# Is Donovan McNabb really that stupid?



## I Are Baboon (Nov 17, 2008)

He doesn't know the overtime rules in the NFL?  

Rich Hofmann: NFL overtime rules? Don't ask McNabb | Philadelphia Daily News | 11/17/2008




> "No, I didn't know that," McNabb said at his postgame press conference. The 10-year veteran said he was not aware that one overtime is all you get in the NFL in the regular season until the final play of that overtime, when the Eagles tried an unsuccessful Hail Mary pass. He said, "When the play was called, I kind of figured, 'I guess there's ties in the NFL.' "
> 
> He said, "I've never been a part of a tie. I never even knew that was in the rule book. It's part of the rules and we have to go with it. I was looking forward to the next opportunity to get out there and try to drive to win the game."
> 
> Then McNabb compounded his error by not knowing the postseason overtime rule. Those games do play to a conclusion for obvious reasons, but McNabb said, "I hate to see what happens in the Super Bowl or I hate to see what happens in the playoffs. You have to settle with a tie."


----------



## MCx2 (Nov 17, 2008)

Ya know, I had the sleep timer on the TV and I was nearly out when I heard that. Thought I had dreamt it..


----------



## largepkg (Nov 17, 2008)

Yes, he's dumb as a stump. The main reason is the man has been in the league for 10 years now and a tie has happened a couple of time during that span. Also, what fucking 10 year NFL veteran retard is going to admit that to the press?


----------



## I Are Baboon (Nov 17, 2008)

I am honestly amazed that _any_ NFL player, let alone one of McNabb's stature, is unaware that the game ends in a tie after one overtime.  How fucking clueless do you have to be???


----------



## IronAddict (Nov 17, 2008)

You know, I hate to say this, but maybe Limbaugh was right.


----------



## min0 lee (Nov 18, 2008)

A lot of players these days have no clue about history of the game, some of these guys just play the game never having read it's history.


----------



## IronAddict (Nov 18, 2008)

^^^So true. Many of these modern day atheletes don't know who Lynn Swann is. Many of these guys just play for the huge salaries. I don't blame them, but man, at least know your craft!  Can you imagine a cop not knowing when to use deadly force!


----------



## zombul (Nov 18, 2008)

I amazed that the players aren't informed of this atleast when they go into overtime. I guess it's expected they know.


----------



## lifterjaydawg (Nov 21, 2008)

He is done in Philly, and Reid should go as well.


----------



## soxmuscle (Nov 24, 2008)

Yes.

He was benched because of how stupid he is.


----------



## Triple Threat (Nov 24, 2008)

Is he still eating Chunky soup?


----------



## bio-chem (Nov 24, 2008)

I think you guys are jumping the gun a little bit. McNabb is still a viable qb in the league. It's not like the offense suddenly got better when kolb  replaced him.


----------



## tucker01 (Nov 24, 2008)

he had a 13 QB rating before he got pulled yesterday.


----------



## bio-chem (Nov 24, 2008)

IainDaniel said:


> he had a 13 QB rating before he got pulled yesterday.

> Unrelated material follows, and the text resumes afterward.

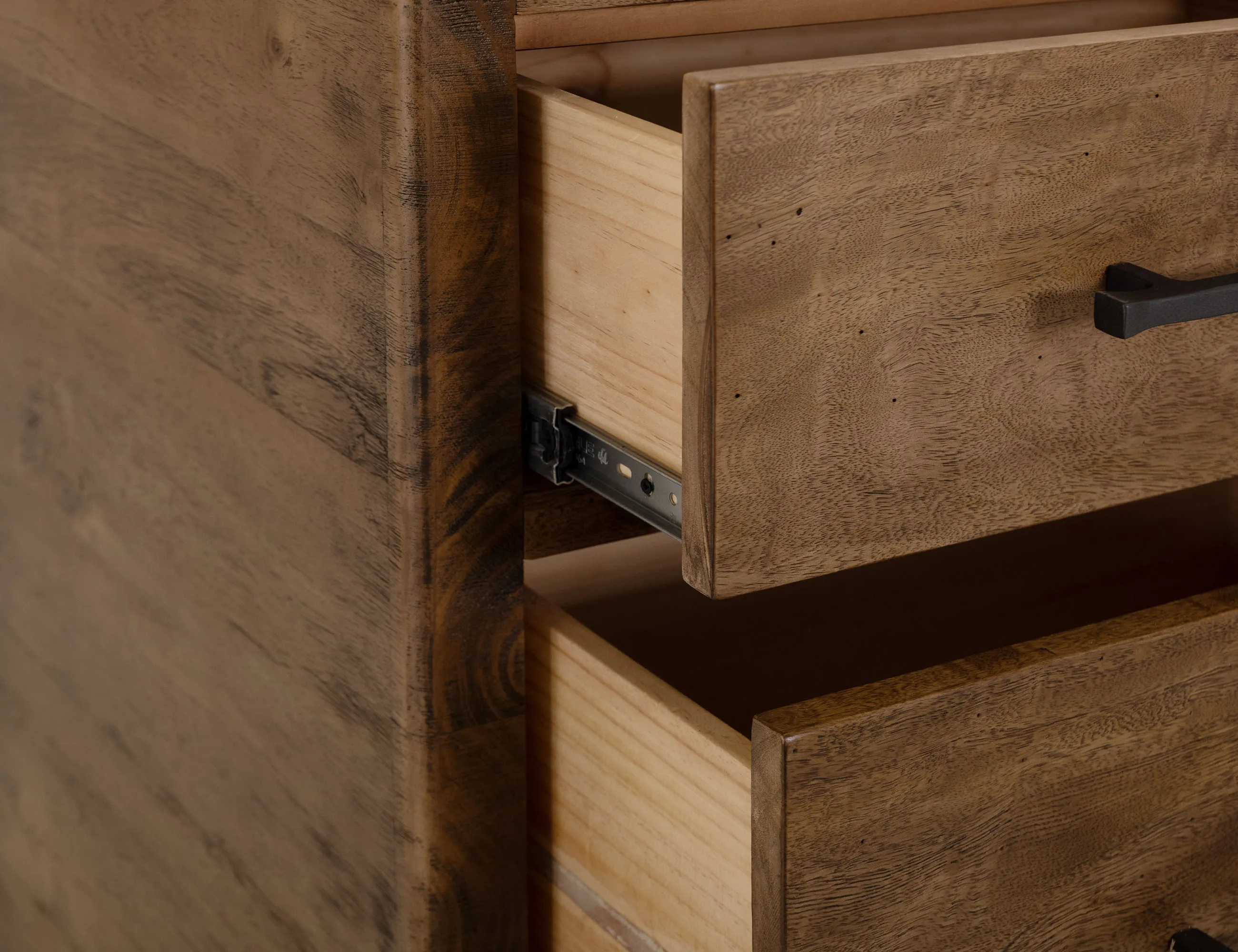 - English dovetail on 100% solid wood drawer fronts. Hafele steel slides.

brett favre, john elway, dan marino, peyton manning have all had bad days. fans are way to quick for calling for a player/coaches head in my opinion. If fans had their way professional sports would end up looking like the french revolution


----------



## tucker01 (Nov 24, 2008)

His inability to scramble and move like prior to his ACL injury is why he isn't as effective.


----------



## I Are Baboon (Nov 24, 2008)

IainDaniel said:


> His inability to scramble and move like prior to his ACL injury is why he isn't as effective.

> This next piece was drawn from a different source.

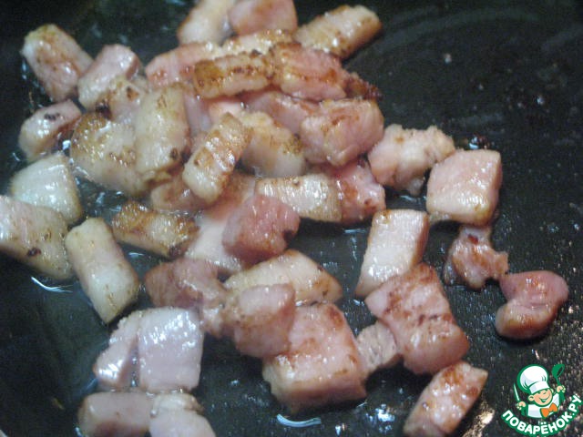 Обжарить бекон на сковороде без добавления масла, пока жир не расплавится.

Plus he's dumb.  And _probably_ gay.


----------



## Doublebase (Nov 24, 2008)

I Are Baboon said:


> And _probably_ gay.


----------



## min0 lee (Nov 25, 2008)

It's Donovan's Birthday today.

Donovan Jamal McNabb (born November 25, 1976 in Chicago, Illinois)


----------



## soxmuscle (Nov 25, 2008)

Mom runs a photography studio in the Chicagoland area.  McNabb and his wife purchased their wedding photos from my moms studios/photographers.  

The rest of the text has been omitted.